Odczyt inflacji za listopad, ten dokonany przez GUS, pokazał 17,5 proc. wzrost cen rok do roku. Mocniej drożała żywność i napoje bezalkoholowe, bo o 23 proc. My pokazujemy natomiast jak zmieniły się w listopadzie ceny różnych, typowo świątecznych składników dań, które gros Polaków będzie zaraz przygotowywać albo od zera, albo bazując na produktach gotowych i półgotowych. Paragony sprawdza dla Gazeta.pl i Handelextra.pl firma badawcza CMR. Pochodzą one z tzw. sklepów osiedlowych, mniejszych, znajdujących się blisko domu, w których nierzadko w ostatnich chwili uzupełniamy lodówkę o brakujące produkty.

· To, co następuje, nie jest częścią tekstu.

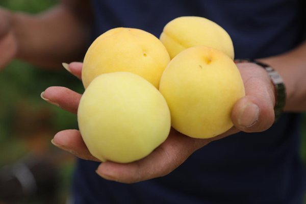 “我初步估算,一亩地可以达到2至3千斤的产量,按10元一斤算,一亩的产值就是2至3万。”看着黄橙橙的桃子,章支书也看到了致富的希望。章振玉告诉记者,目前该村有20多户村民将土地流转获得收益,有300多村民通过在基地就业获得稳定收入。“现在在基地做工,除草、施肥、拉枝这些,一个月搞下来3千多,轻松嘛。”正在基地做工的尹世武说道。
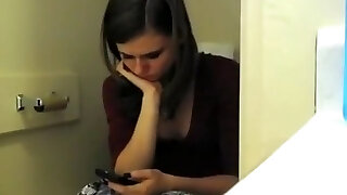 неопытный любитель с толстыми сиськами заходит в туалет, чтобы провести модную сантехнику сзади через дырку для траха славы

Koszyk produktów świątecznych. Grafika: Gazeta.pl
Ci, którzy zdecydują się na zakup śledzi, zapłacą o 24,7 proc. więcej. To jednocześnie drugi najmocniej drożejący produkt w świątecznej edycji naszego koszyka. Rekordzistą (poza cukrem, o którym piszemy co miesiąc omawiając nasz koszyk cenowy) jest bowiem majonez ze wzrostem równym 44,7 proc. Jeszcze jeden produkt zdrożał o ponad 20 proc. - to (łączony często z majonezem) groszek konserwowy, który kosztuje 20,4 proc. więcej niż w listopadzie 2021 r.

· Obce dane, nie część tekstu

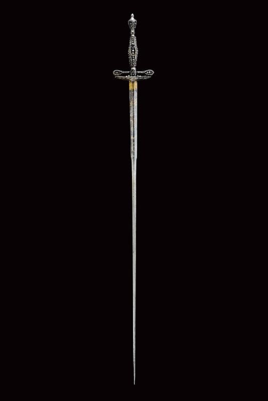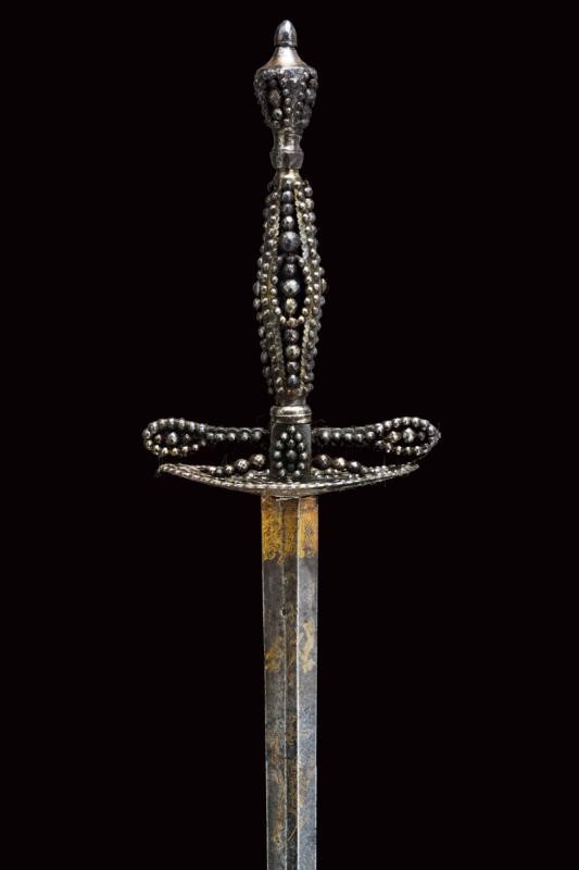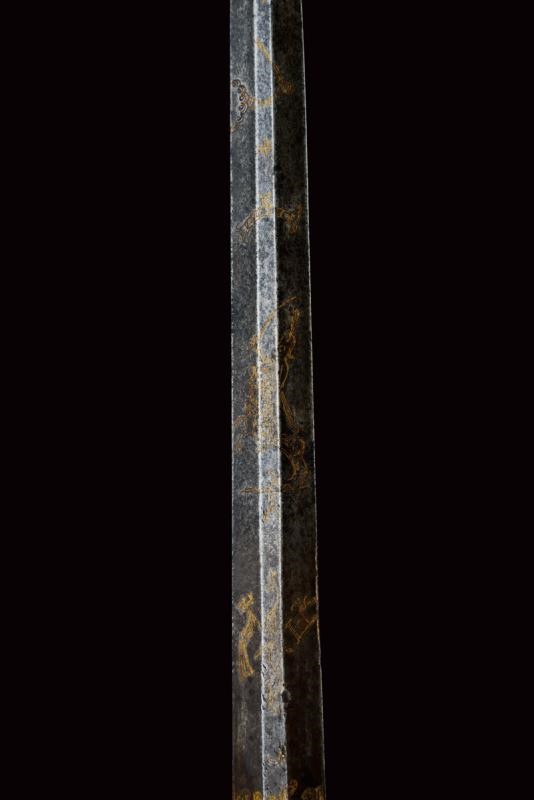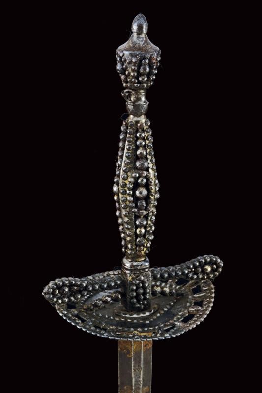 Colichemarde, double-edged blade, with enlarged base and hexagonal section, engraved and gilded on remains of blue background with crescent, Pandur, trophies and floral motifs. Iron hilt richly decorated with steel beads (slightly wobbly).

Barszcz czerwony z uszkami z grzybami to wydatek o (odpowiednio) 12,7 i 12,9 proc. wyższy niż rok wcześniej. Kto doda do tego pierogi z kapustą i grzybami zapłaci o 8,2 proc. więcej niż przed rokiem. Na tym kończymy wytrawną część świąt. I przechodzimy do dodatków do ciast.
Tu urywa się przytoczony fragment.